How can public health be served and personal privacy preserved? Thirty-four months ago, in the Health Insurance Portability and Accountability Act, or HIPAA, Congress gave itself a deadline for coming up with an answer. But as the weeks count down toward the Aug. 21 day of reckoning, there is no consensus. Left to flame unchecked, even the best aspects of technological progress and data collection -- with their promises of reduced costs and administrative simplification -- appear to have made vulnerable Americans who once felt their privacy was shielded by firewalls of civil liberty.

Awaiting action in committee are the Health Care Personal Information Nondisclosure Act of 1999 (S578), introduced by GOP Sen. Jim Jeffords of Vermont and Democratic Sen. Christopher Dodd of Connecticut; the Medical Information Protection Act of 1999 (S881), introduced by Utah Republican Sen. Robert Bennett; and the Medical Information Privacy and Security Act (S573/HR1057), introduced by Democratic Sens. Patrick Leahy of Vermont and Edward Kennedy of Massachusetts.

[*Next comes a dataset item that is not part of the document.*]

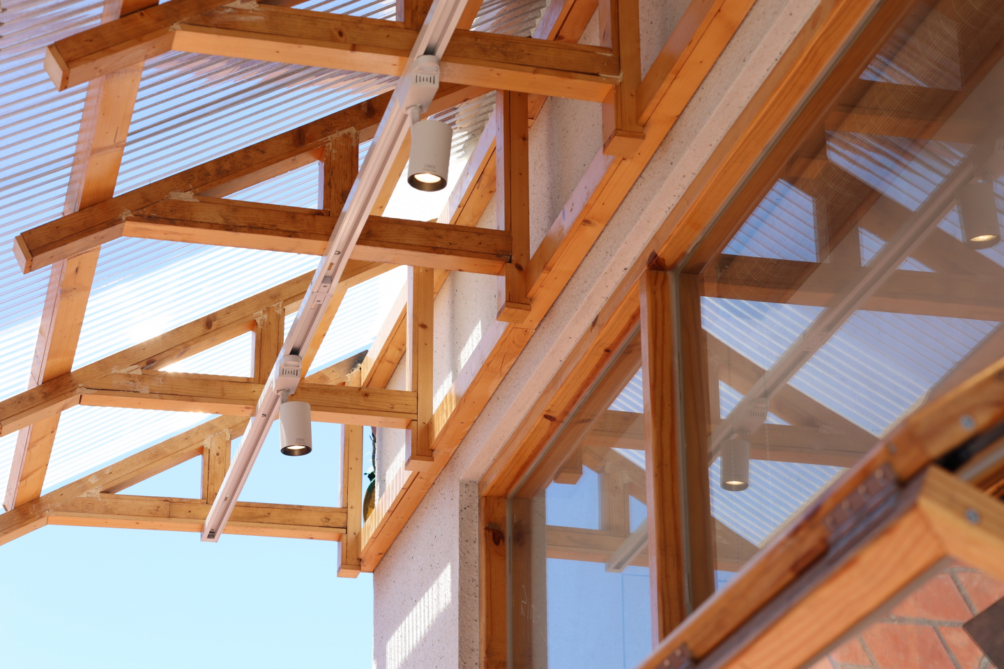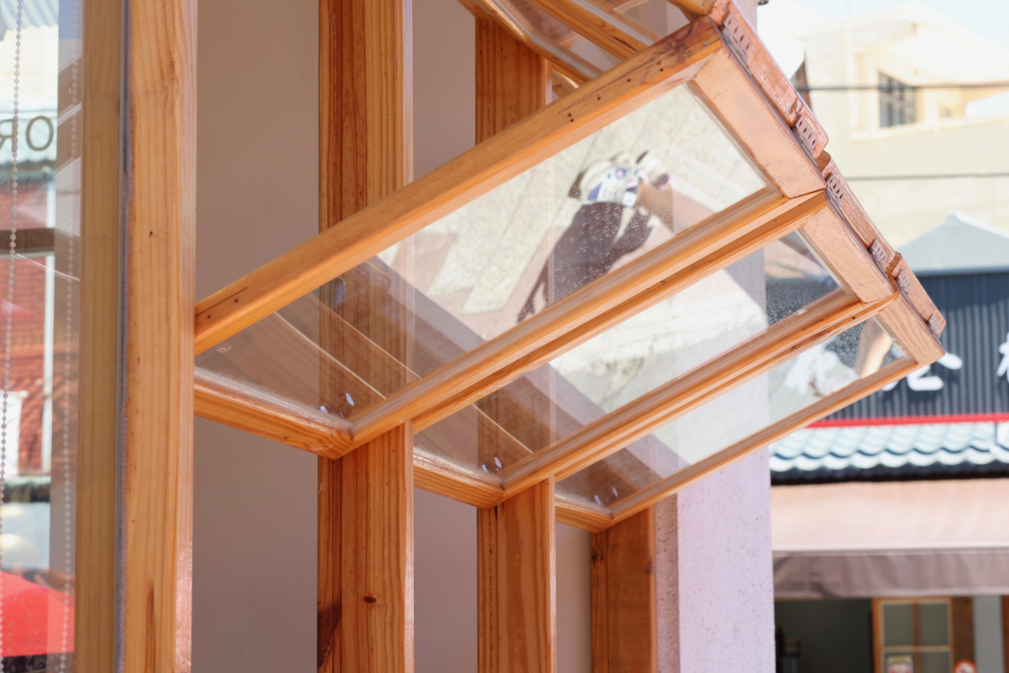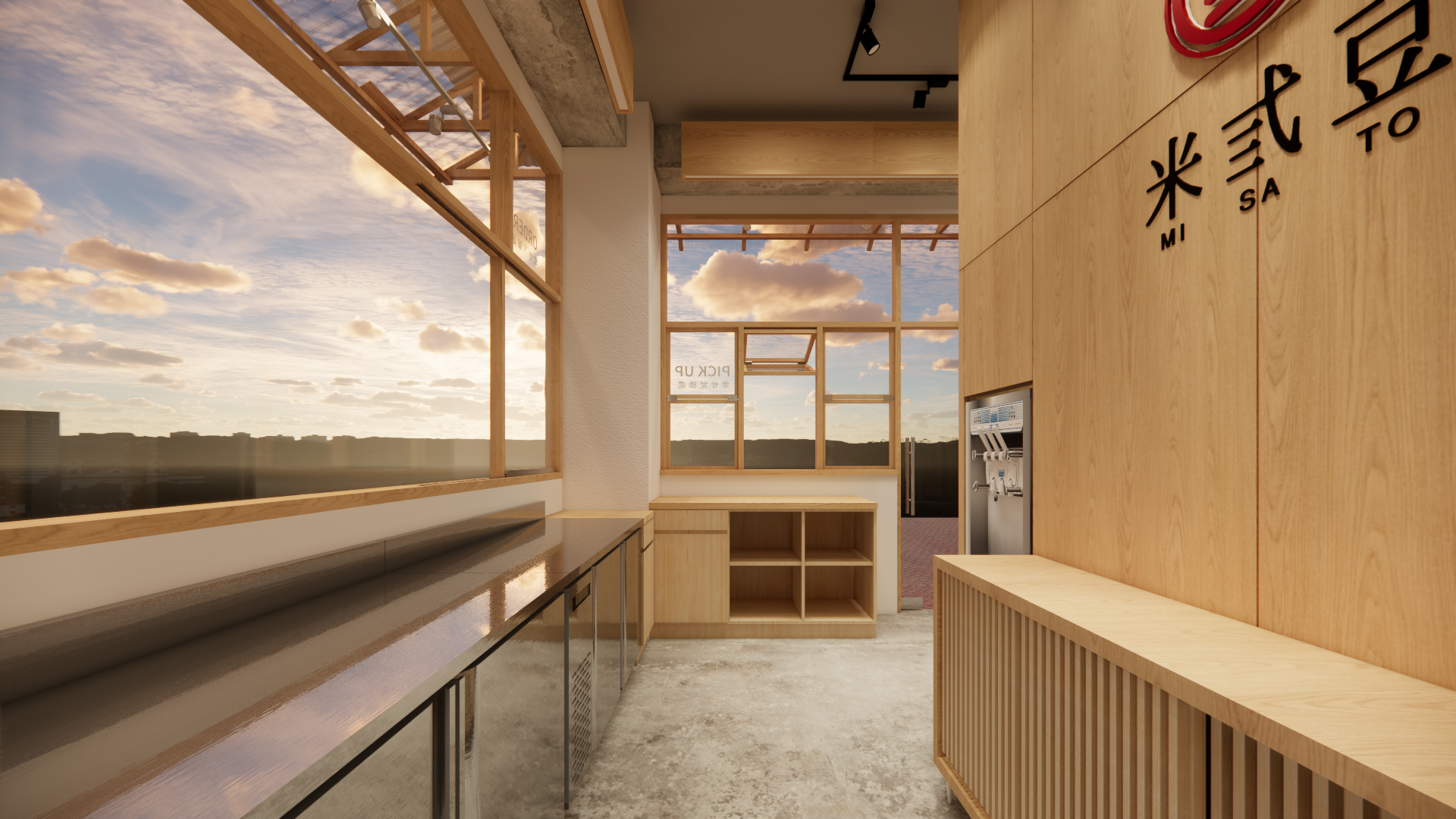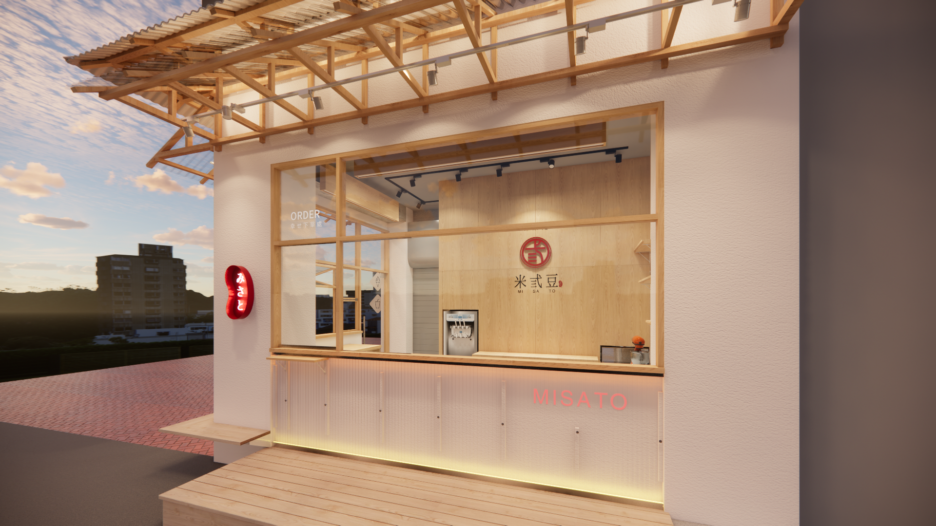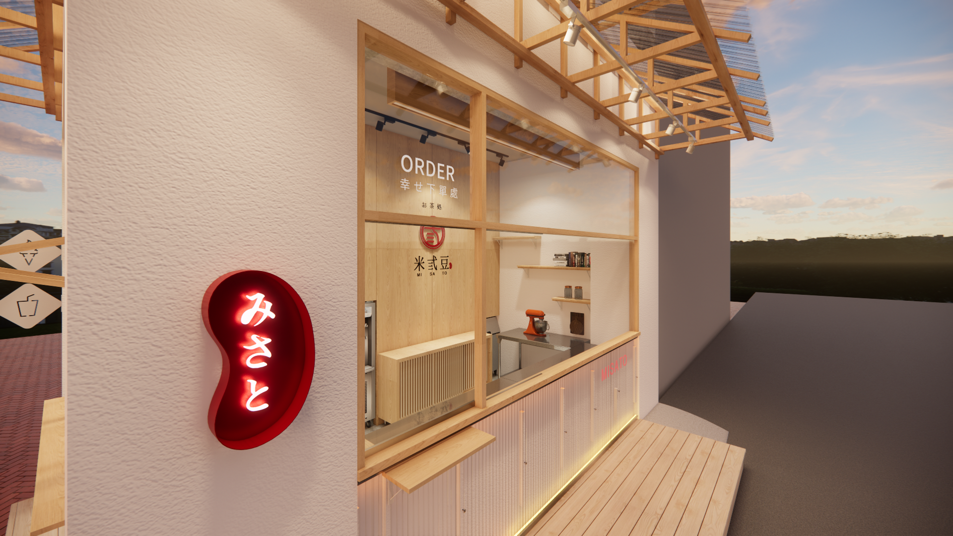 鹿港2号店, 不僅運用了突出的日式屋簷風格,取餐窗口的位置,則選用上懸窗設計,有別於常見的雙向橫拉窗戶,上懸窗不只美觀,還能防止雨水滴入店內,避免餐點淋濕。

Occasionally there is talk of an emergency move to push back the deadline, but the clock is ticking. If the deadline passes without congressional action, the responsibility for crafting regulations to protect these medical records will fall to the Clinton administration's HHS, headed by Secretary Donna Shalala. So plans already are in the works.

But privacy advocates are not happy with the executive recommendations, the legislative plans or the bureaucratic proposals -- all ostensibly formulated to preserve medical privacy. While packaged under labels of patient protection to lull public outcry, they say, the proposals cater to the interests of government research and the growing public-health industry.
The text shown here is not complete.